A coin flip is an apt analogy, Jacobs said. A quarter, when flipped, has a 50% chance of landing heads, every time-a "two-coin flip event." But a coin landing heads on a given flip has no impact on the probability that the next flip will also be heads-it's still 50%.

Jacobs said the determination that the Haines storm was a 200-year event was based on weather records for the area, but the climate in Southeast Alaska is changing.

"The analysis is based on past information and does not take into account the changing climate," Jacobs said. "Overall a warmer environment can hold more water and could make extreme events more likely."

As the Southeast climate trends toward warmer, rainier winters, it increases the chance of future landslides, according to state geologists.

"Weather is a product of the climate, which seems to be getting wetter and warmer. These sorts of slope failure events are strongly controlled by weather. Rain upon rain upon rain seems to be happening more," Engineering Geology Section chief for the Alaska Division of Geological & Geophysical Surveys (DGGS) De Anne Stevens said.

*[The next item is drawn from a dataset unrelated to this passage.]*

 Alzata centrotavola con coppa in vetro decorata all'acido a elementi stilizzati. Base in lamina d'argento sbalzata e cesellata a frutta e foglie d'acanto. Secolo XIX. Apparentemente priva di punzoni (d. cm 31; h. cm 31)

Mayor Douglas Olerud told the CVN future infrastructure planning needs to take these trends into account. "It has to be part of the discussion," Olerud said. "That's why there's the need to make sure we rebuild to handle it, because if those projections are (accurate), and these events are closer together, how do we make sure we protect ourselves?"

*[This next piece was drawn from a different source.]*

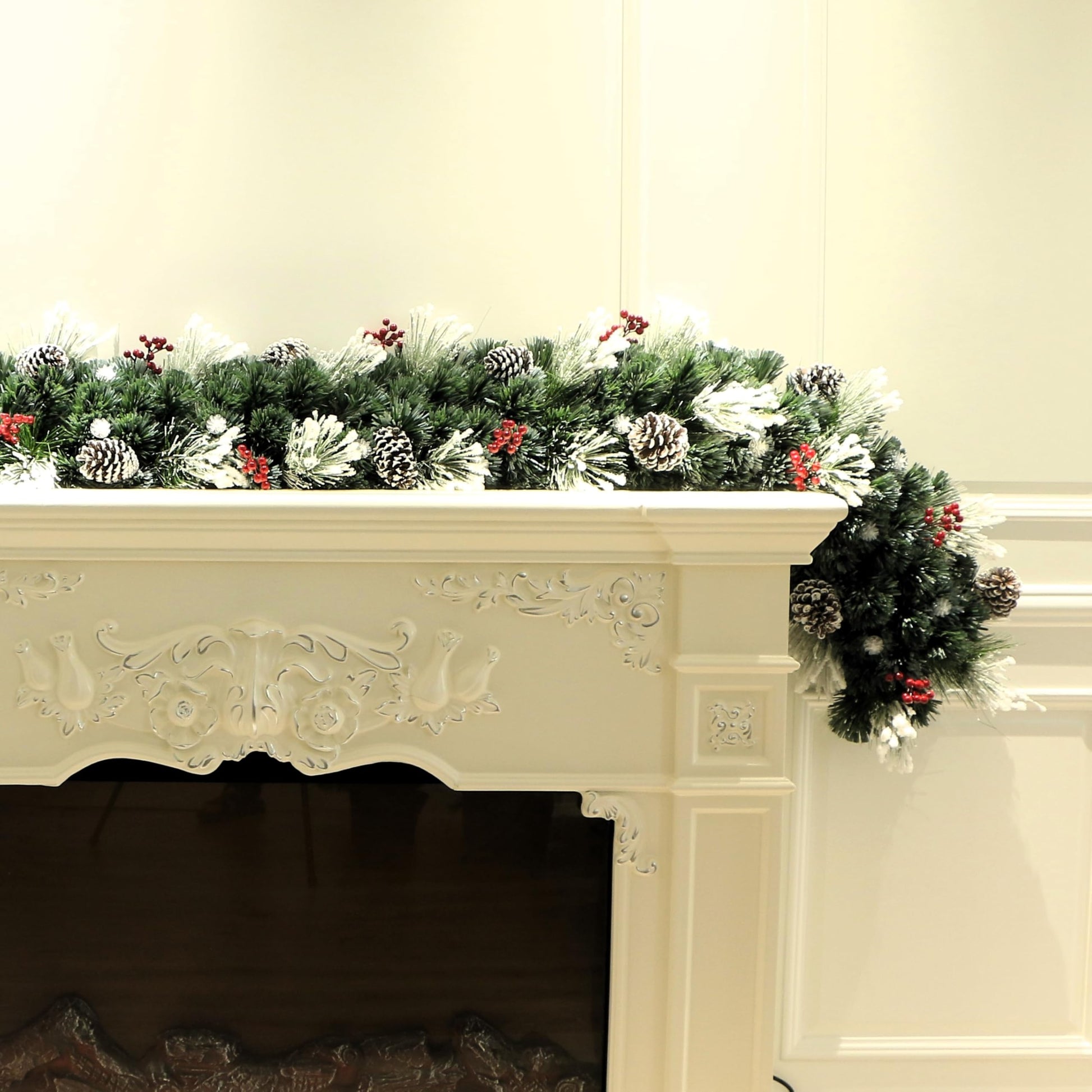 Frosted White Pine Fiber Optic Christmas Wreath

He said existing infrastructure that went unscathed also needs to be evaluated to ensure it can withstand extreme weather events.

Southeast is an area with a history of flooding and landslides due to its steep peaks and rainforest climate. In 2015, a landslide killed three people in Sitka. In Haines, storms have caused flooding and landslides with records dating back to the late 1800s. The historic Tlingit village of Kaatx̲'awultú (often referred to as "Kluktoo"), located at what is now 19 Mile Haines Highway, was taken out by a slide in the 1890s. In recent years, heavy rains have caused damage to public and private property in 1998, 2005, 2012 and 2014.

Precipitation continued in the Chilkat Valley in the days following the record-breaking storm. A flash flood watch remained in effect through Tuesday afternoon.